You have a binary tree of 'N' unique nodes and a Start node from where the tree will start to burn. Given that the Start node will always exist in the tree, your task is to print the time (in minutes) that it will take to burn the whole tree.

It is given that it takes 1 minute for the fire to travel from the burning node to its adjacent node and burn down the adjacent node.

For Example :
``````For the given binary tree: [1, 2, 3, -1, -1, 4, 5, -1, -1, -1, -1]
Start Node: 3

1
/ \
2   3
/ \
4   5

Output: 2

Explanation :
In the zeroth minute, Node 3 will start to burn.

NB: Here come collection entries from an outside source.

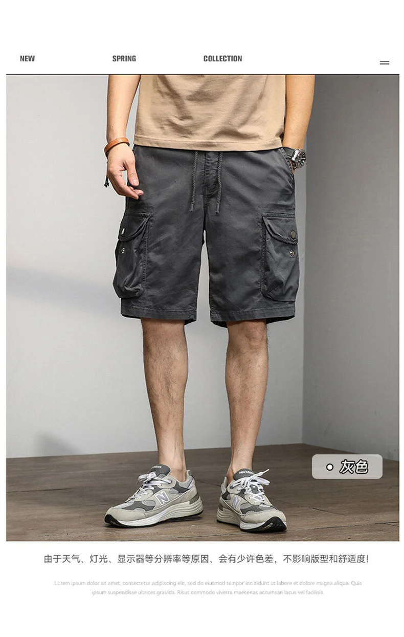 Nice New Men’s Cargo Shorts Summer Men Casual Cotton Short Pants Sport Solid Color Knee Length Shorts Male Multi-Pocket Military
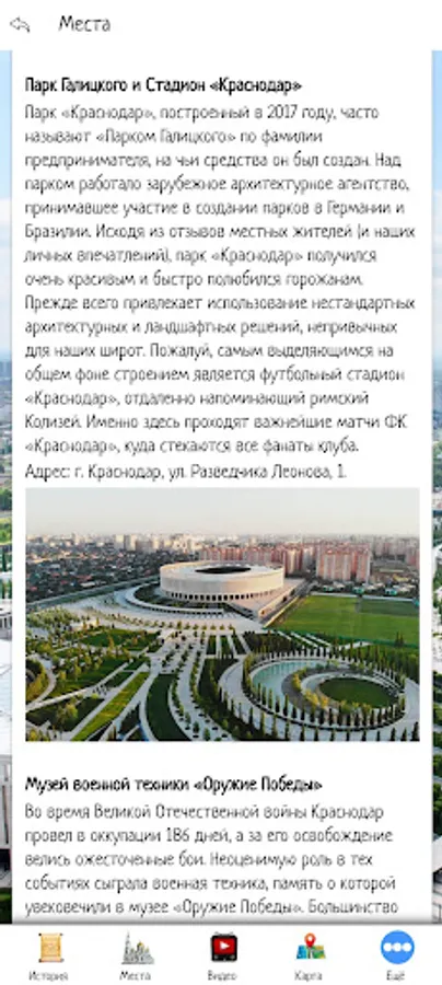 In the application, you can make the first acquaintance with the city of Krasnodar, choose a place for a trip by looking at the sights and video reviews. The application also contains information about tour agencies and hotels offering their services in Krasnodar.
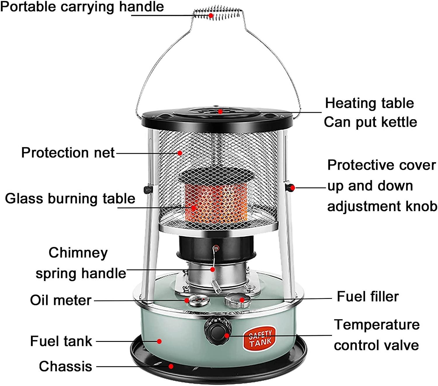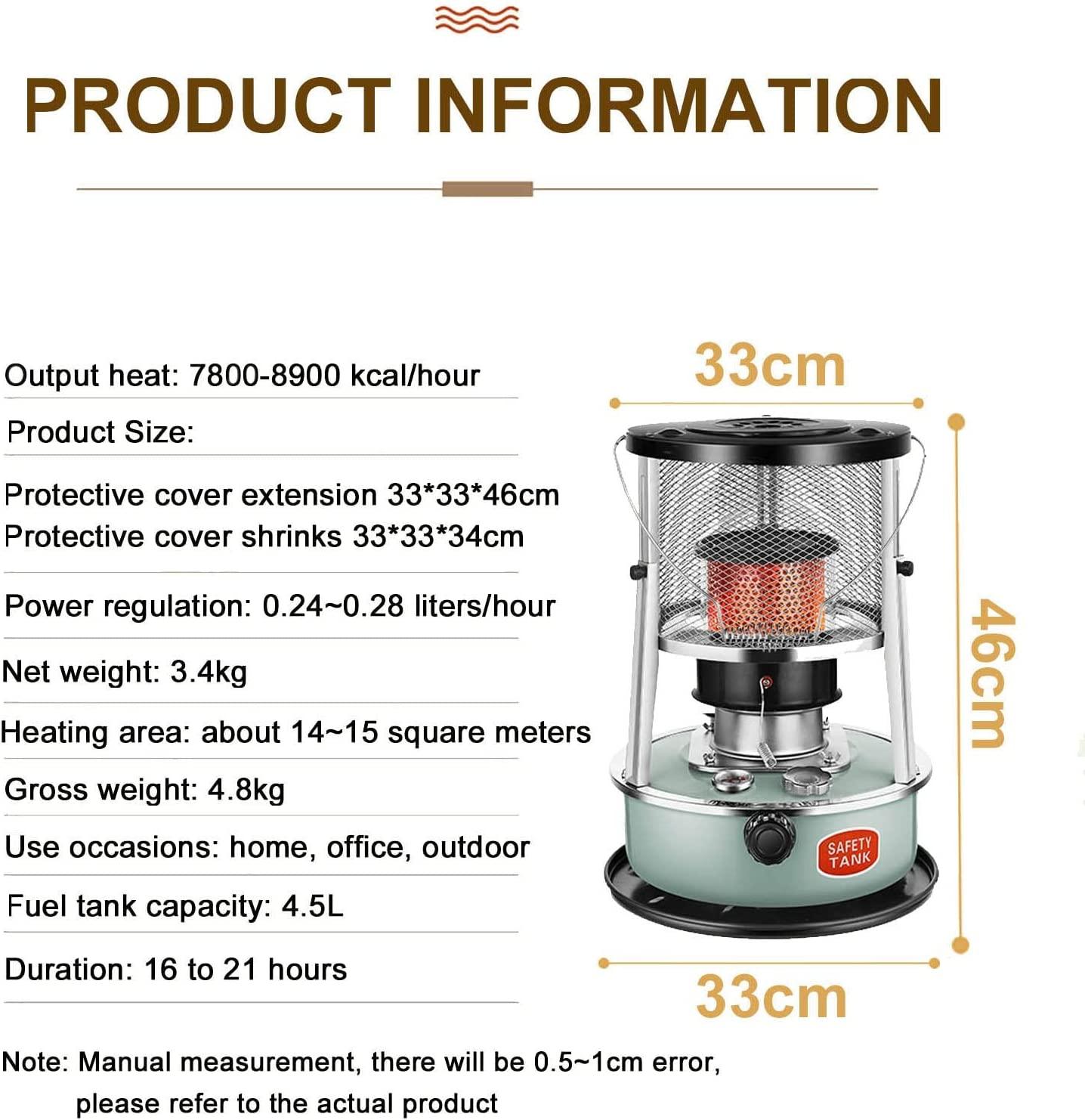 - ➤[MORE EFFICIENT KEROSENE HEATING]: The combustion chimney of the indoor portable non-electric kerosene stove is made of special metal to ensure full combustion of kerosene, faster and more efficient heating. The fuel consumption per hour is 0.24-0.28L, the heating time can last for 16-21 hours, and the space of 14-15m2 can be heated.
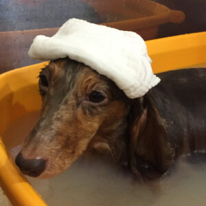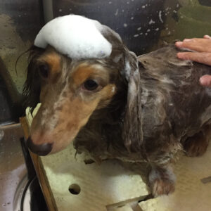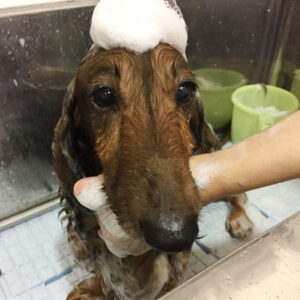 ころんちゃんはカットコースに薬用浴でのご来店です。
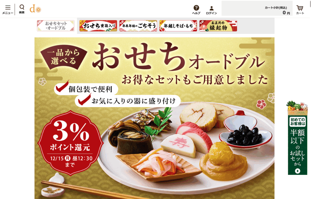 おせち通販デビューにも、自宅用にも、贈り物にもぴったり。

After one minute, Nodes (1, 4, 5) that are adjacent to 3 will burn completely.

After two minutes, the only remaining Node 2 will be burnt and there will be no nodes remaining in the binary tree.

So, the whole tree will burn in 2 minutes.
``````
Detailed explanation ( Input/output format, Notes, Images )
##### Sample Input 1 :
``````1 2 3 4 -1 -1 5 -1 -1 -1 -1
2
``````
##### Sample Output 1 :
``````3
``````
##### Explanation Of Sample Input 1 :
``````The given binary tree will look as -
``````

``````The Start node is 2.

In the zeroth minute, Node 2 will start to burn.

After one minute, Nodes 1 and 4 that are adjacent to 2 will burn completely.

After two minutes, Node 3 that is adjacent to node 1 will burn completely.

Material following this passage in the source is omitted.